Among Iran’s preparations, according to the security firm Recorded Future, was the registration of more than 1,200 command-and-control domains linked to Iran. More than 700 of those domains were already communicating with machines that had been infected.

Experts expect Iran to use tools like these and Windows malware to strike back at the U.S. in retaliation for the killing of Soleimani. Kiersten Todt, managing director of the Cyber Readiness Institute, told CNN, “Iranians will certainly try to retaliate — definitely in the region, and they will also look at options in our homeland. Of the options available to them, cyber is most compelling.”

The Department of Homeland Security’s National Terrorism Advisory System agrees, and after the Soleimani assassination put out a bulletin that warned, “Iran maintains a robust cyber program and can execute cyber attacks against the United States. Iran is capable, at a minimum, of carrying out attacks with temporary disruptive effects against critical infrastructure in the United States.”

But U.S. critical infrastructure is generally well-protected, security experts say. So are government agencies and some big tech companies. Columbia University computer science professor Steven Bellovin told CNN that agencies like the CIA and NSA and tech companies like Google and Amazon are probably impervious to attack. However, he warned, “most companies aren't as good as these” at protecting themselves.

Last summer, cybersecurity expert Zak Doffman echoed that in Forbes when he wrote, "Iran understands that retaliation against the U.S. military in the cyber domain might be akin to throwing rocks at a tank, but it can hit the vast and under-protected U.S. corporate sector at will.”

Given that Iran can’t wreak destruction with cyberattacks, it will likely settle for disruption. And that means launching attacks at many different types of businesses and industries, even if they’re not connected to the military or vital infrastructure.

Those attacks will all be Windows-based. And once those Windows attacks are unleashed, they take a life of their own, and spread randomly to individuals as well as businesses. Which means that your machines could well be hit.

It’s likely that the attacks will be of the types to which we’ve become accustomed, spread by phishing and spearphishing, and seeking out machines that have security holes. And that’s actually good news. Because it means that if you practice basic computer hygiene, you likely won’t be infected.

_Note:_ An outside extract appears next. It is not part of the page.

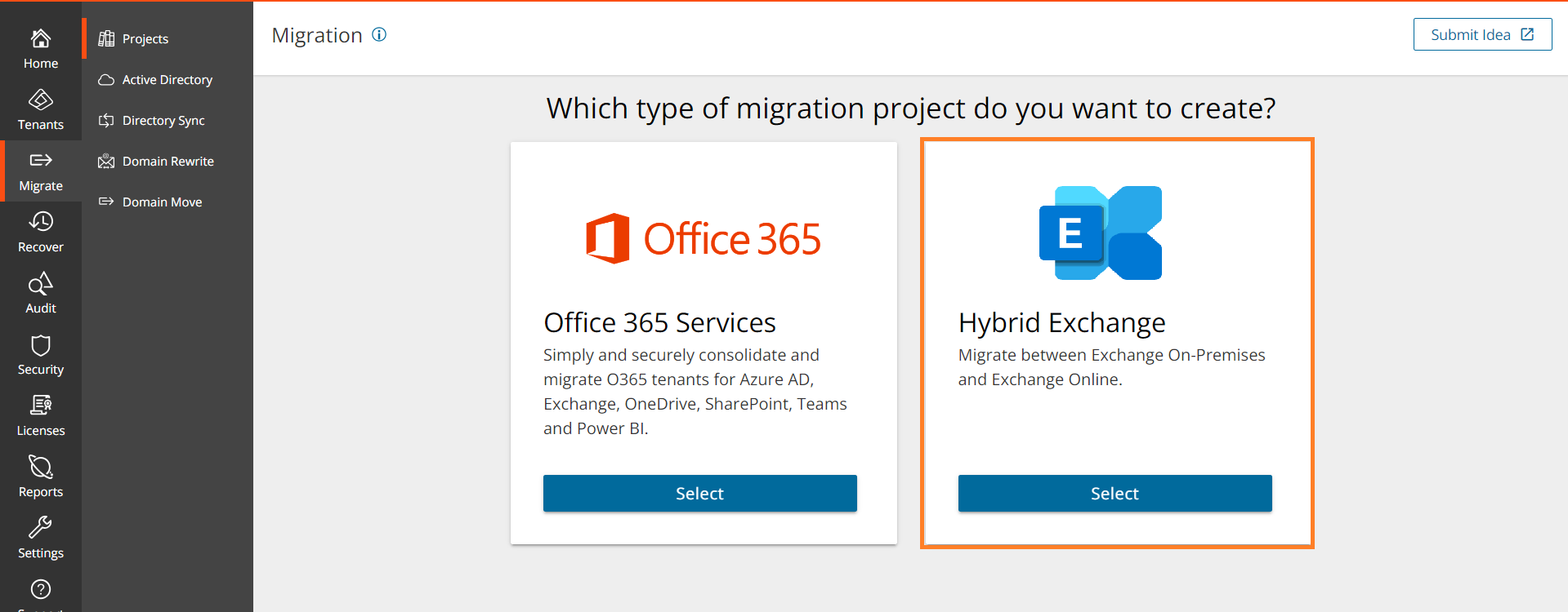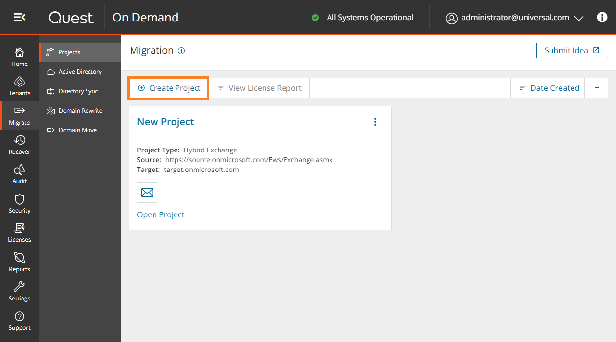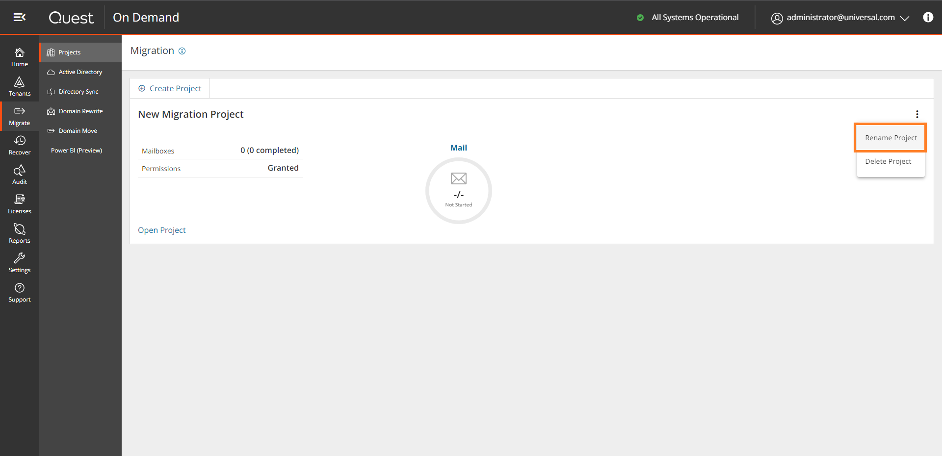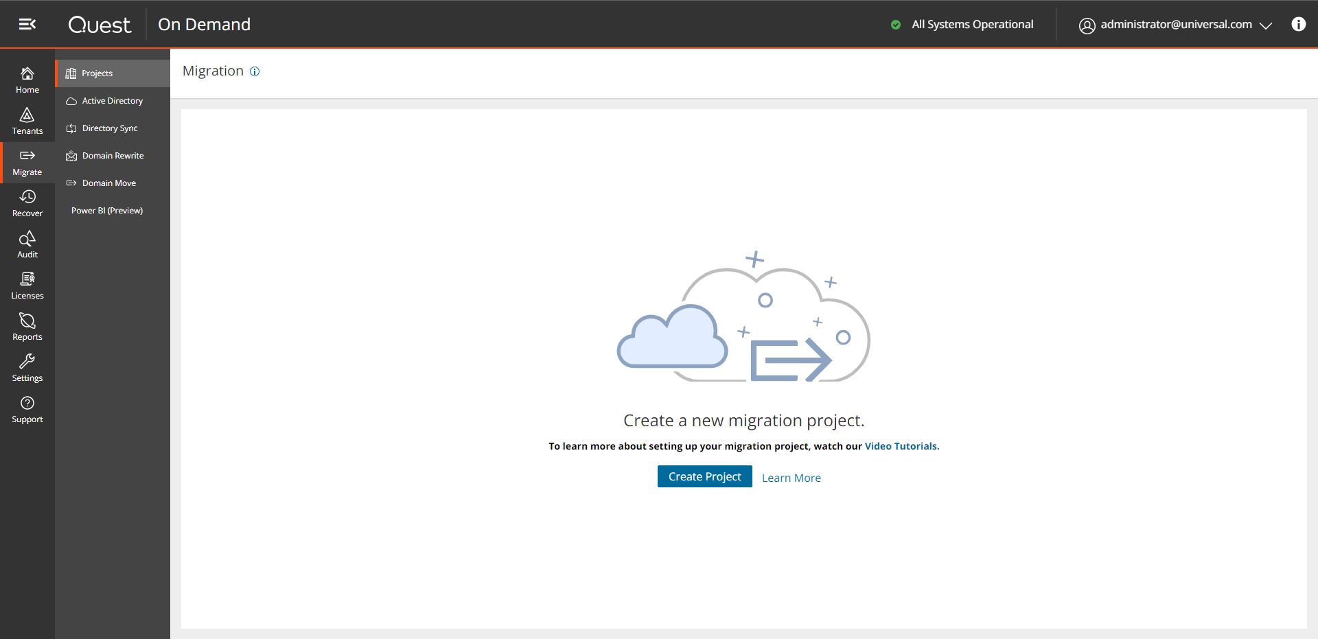 A migration project contains the full set of migration features and provides a summary of all the migration activities in the project dashboard. You can work with a single migration project or you can set up multiple migration projects to split staggered migration plans into manageable projects.

So, first, make sure all of your computers and all of the software on them are updated with the latest security patches. In addition, follow all the usual warnings about not opening attachments that you don’t know are headed your way, and not clicking on links unless you know that someone you trust has sent them. Make sure all of your servers and websites have the latest security patches as well.

Do all that, and even if Iran does unleash cyberattacks on the U.S., you and your business will be more likely to remain safe.